──────── Exercise material ────────

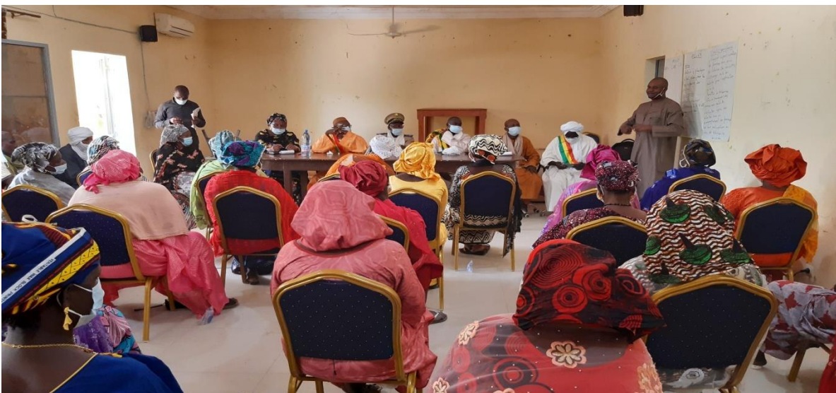
Participants à l'atelier de plaidoyer

Remettre la lettre de plaidoyer aux autorités administratives
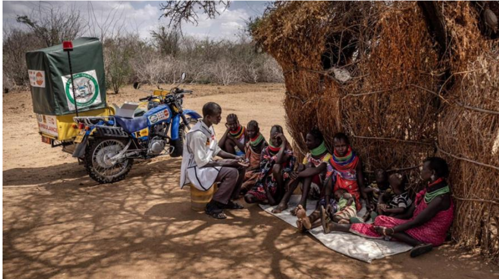
Obrázek 8 The motorcycle ambulance has significantly reduced the time required to deliver essential and urgent medical assistance to local communities (Epeyon, 2023)
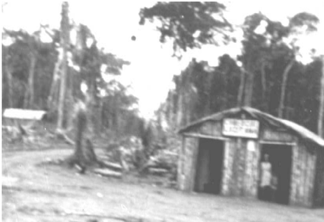
Foto 01 – 1977: Construção considerada primeiro ponto comercial da cidade, onde teriam se hospedado as primeiras professoras ao chegar à localidade; atual cruzamento das Avenidas Norte-Sul com 25 de Agosto.
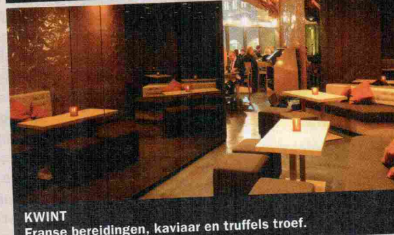
KWINT Franse bereidingen, kaviaar en truffels troef.
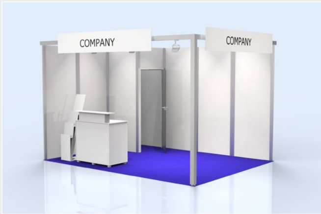
Musterskizze Komplettpaket · Example of complete package
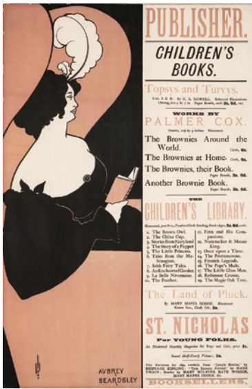
オーブリー・ピアズリー『子供の本』(T. フィッシャー・アンウィン社)の宣伝ポスター 1894年、石版画

────────

**About this exercise:** Without including any picture, print all of the entries above exactly.

**Answer to this exercise:**
Participants à l'atelier de plaidoyer

Remettre la lettre de plaidoyer aux autorités administratives
Obrázek 8 The motorcycle ambulance has significantly reduced the time required to deliver essential and urgent medical assistance to local communities (Epeyon, 2023)
Foto 01 – 1977: Construção considerada primeiro ponto comercial da cidade, onde teriam se hospedado as primeiras professoras ao chegar à localidade; atual cruzamento das Avenidas Norte-Sul com 25 de Agosto.
KWINT Franse bereidingen, kaviaar en truffels troef.
Musterskizze Komplettpaket · Example of complete package
オーブリー・ピアズリー『子供の本』(T. フィッシャー・アンウィン社)の宣伝ポスター 1894年、石版画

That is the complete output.